= TASK DETAILS =
Word for word, reproduce the listing that follows, excluding any pictures it contains.

= DATASET SECTION =
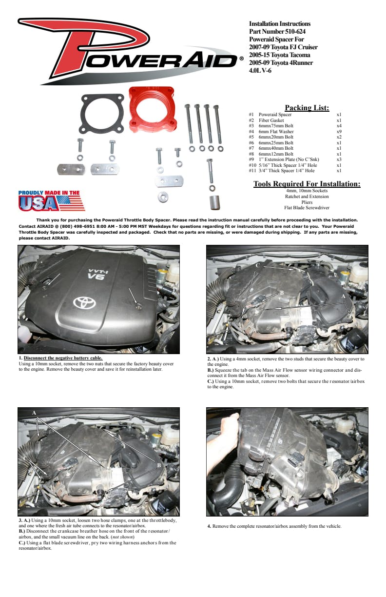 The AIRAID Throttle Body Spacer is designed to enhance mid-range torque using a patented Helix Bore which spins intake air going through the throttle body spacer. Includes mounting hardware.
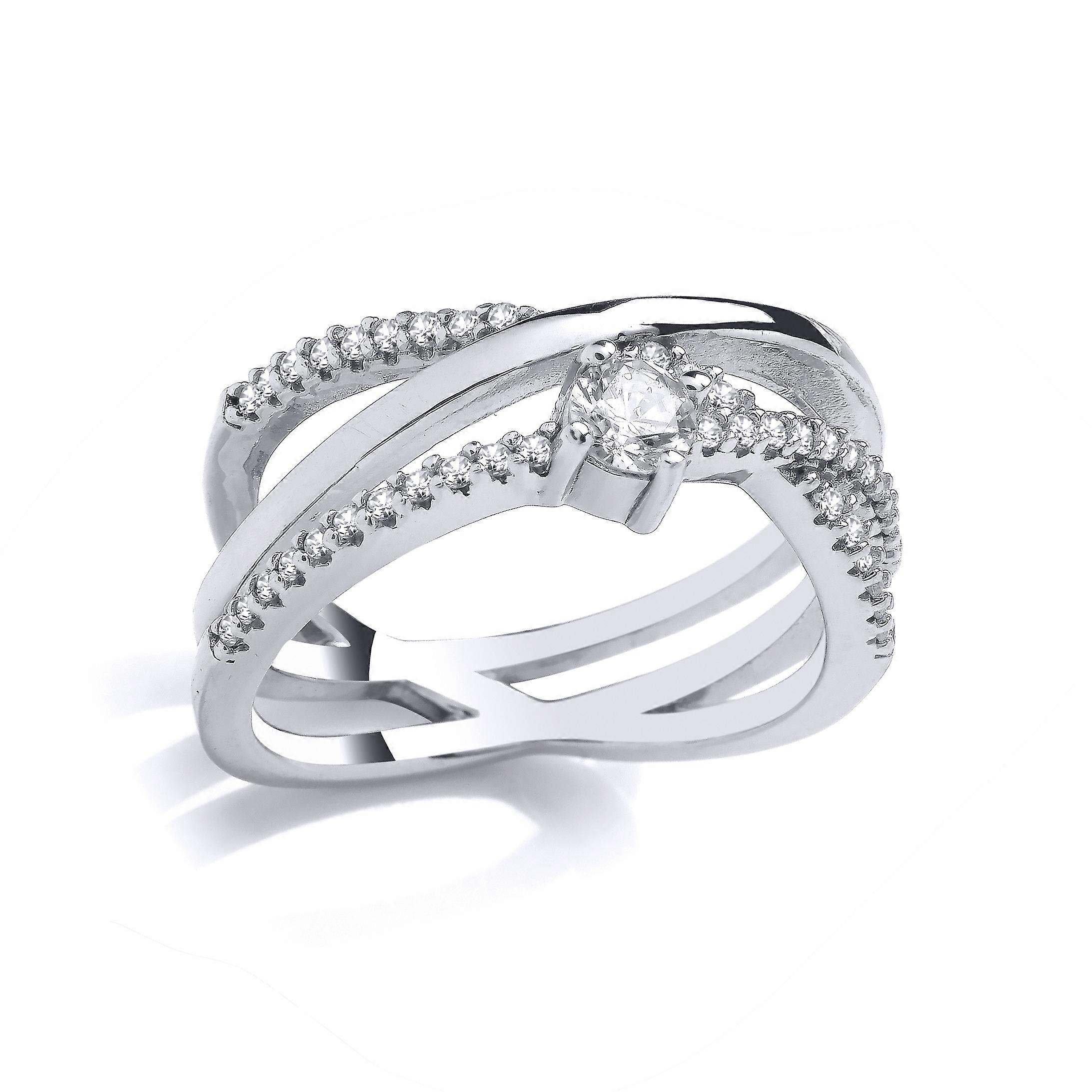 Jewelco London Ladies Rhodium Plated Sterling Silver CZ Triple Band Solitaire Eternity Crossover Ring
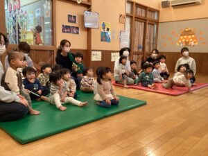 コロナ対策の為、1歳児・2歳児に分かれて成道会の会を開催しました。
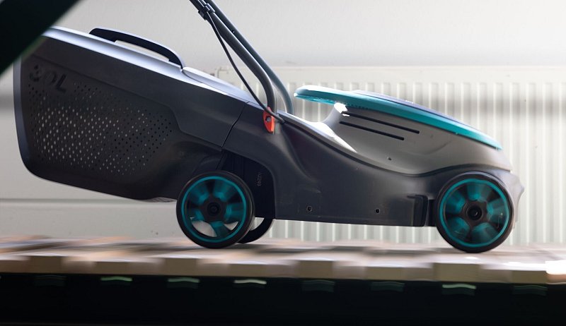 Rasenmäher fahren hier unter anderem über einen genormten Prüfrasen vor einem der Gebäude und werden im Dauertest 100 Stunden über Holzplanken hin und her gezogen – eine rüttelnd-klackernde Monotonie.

= YOUR RESPONSE =
 The AIRAID Throttle Body Spacer is designed to enhance mid-range torque using a patented Helix Bore which spins intake air going through the throttle body spacer. Includes mounting hardware.
 Jewelco London Ladies Rhodium Plated Sterling Silver CZ Triple Band Solitaire Eternity Crossover Ring
 コロナ対策の為、1歳児・2歳児に分かれて成道会の会を開催しました。
 Rasenmäher fahren hier unter anderem über einen genormten Prüfrasen vor einem der Gebäude und werden im Dauertest 100 Stunden über Holzplanken hin und her gezogen – eine rüttelnd-klackernde Monotonie.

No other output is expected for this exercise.